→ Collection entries
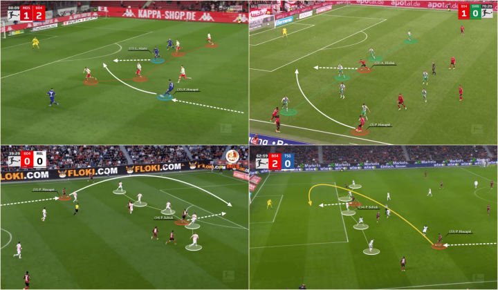 在对阵德甲第三RB莱比锡(今年4月)和第四名柏林联合(去年11月)的比赛中,勒沃库森在主场都取得了胜利。哈维·阿隆索在这两场比赛中都采用了3-4-3阵型,因卡皮耶担任左后卫,成为队内尝试传球次数最多的球员(2:0力克莱比锡一役46脚传球,5:0大胜柏林联合一役92脚传球):
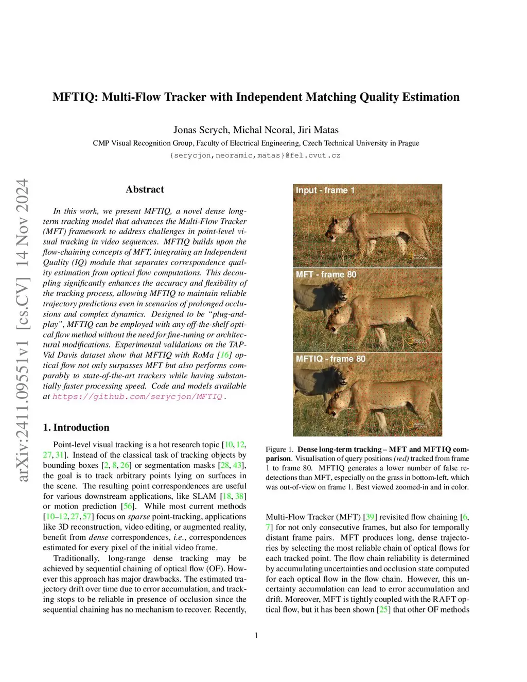 In this work, we present MFTIQ, a novel dense long-term tracking model that advances the Multi-Flow Tracker (MFT) framework to address challenges in point-level visual tracking in video sequences. MFTIQ builds upon the flow-chaining concepts of MFT, integrating an Independent Quality (IQ) module that separates correspondence quality estimation from optical flow computations. This decoupling significantly enhances the accuracy and flexibility of the tracking process, allowing MFTIQ to maintain reliable trajectory predictions even in scenarios of prolonged occlusions and complex dynamics. Designed to be "plug-and-play", MFTIQ can be employed with any off-the-shelf optical flow method without the need for fine-tuning or architectural modifications. Experimental validations on the TAP-Vid Davis dataset show that MFTIQ with RoMa optical flow not only surpasses MFT but also performs comparably to state-of-the-art trackers while having substantially faster processing speed. Code and models available at https://github.com/serycjon/MFTIQ .
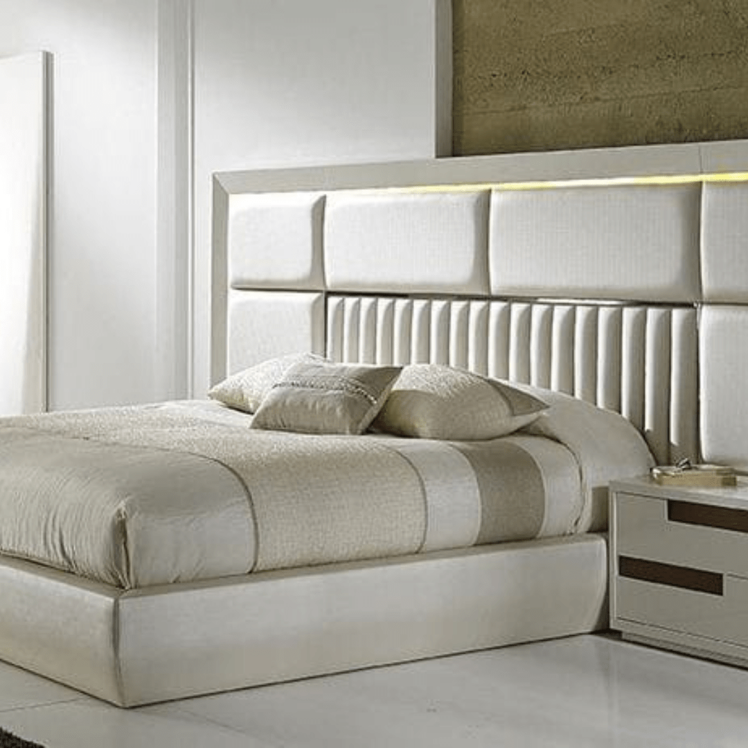 Upholstered Beds are covered in light padding and fabric which gives a textural appeal; they could be made with velvet, leatherette, suede or simple fabric upholstery and typically have tufted or straight streamlined headboards.
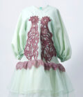 Elegant full-sleeve dress with peacock embroidery and a flowing gathered bottom.
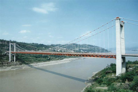 重慶豐都長(zhǎng)江大橋總長(zhǎng)620米,主跨450米,橋?qū)?5米,橋型為鋼筋砼結(jié)合梁...
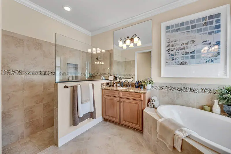 Large pool deck with spa
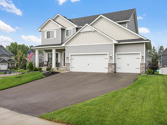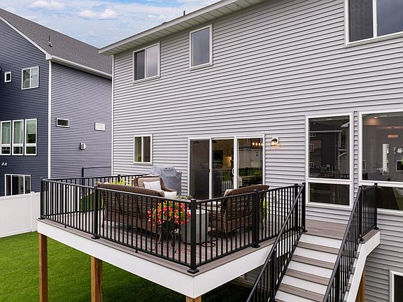Why wait for new construction. This popular Madison floor plan built by One Ten Ten Homes is now available because of a relocation. This home has it all. Shows like new construction with all the current colors and surfaces. Located on a beautiful private cul-de-sac with no through traffic. Light and bright great room with custom built-ins and over-sized windows. Large quartz kitchen island with breakfast bar and in kitchen dining. Large home office with French doors. The main level half bath is tucked in with a large mud room and storage closet. Stunning Primary suite with dual sinks separate tub and shower. 3 additional upper-level bedrooms served by a full bath and cozy loft for late night movies. The look out lower level is fully finished with a large recreation room, large 5th bedroom and 3/4 bathroom. The main level walks out to a brand new $20K no maintenance deck with stairs down to a large flat backyard. Lakeville South High School.
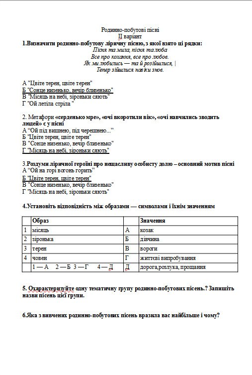 Родинно-побутові пісні. 9 КЛАС.(тести + завдання відкритої форми)

→ What you need to do
Would you transcribe, exactly and only, the lines from the one that contains "Why wait for" through the last line of the data above, without any pictures?

→ Expected output
Why wait for new construction. This popular Madison floor plan built by One Ten Ten Homes is now available because of a relocation. This home has it all. Shows like new construction with all the current colors and surfaces. Located on a beautiful private cul-de-sac with no through traffic. Light and bright great room with custom built-ins and over-sized windows. Large quartz kitchen island with breakfast bar and in kitchen dining. Large home office with French doors. The main level half bath is tucked in with a large mud room and storage closet. Stunning Primary suite with dual sinks separate tub and shower. 3 additional upper-level bedrooms served by a full bath and cozy loft for late night movies. The look out lower level is fully finished with a large recreation room, large 5th bedroom and 3/4 bathroom. The main level walks out to a brand new $20K no maintenance deck with stairs down to a large flat backyard. Lakeville South High School.
 Родинно-побутові пісні. 9 КЛАС.(тести + завдання відкритої форми)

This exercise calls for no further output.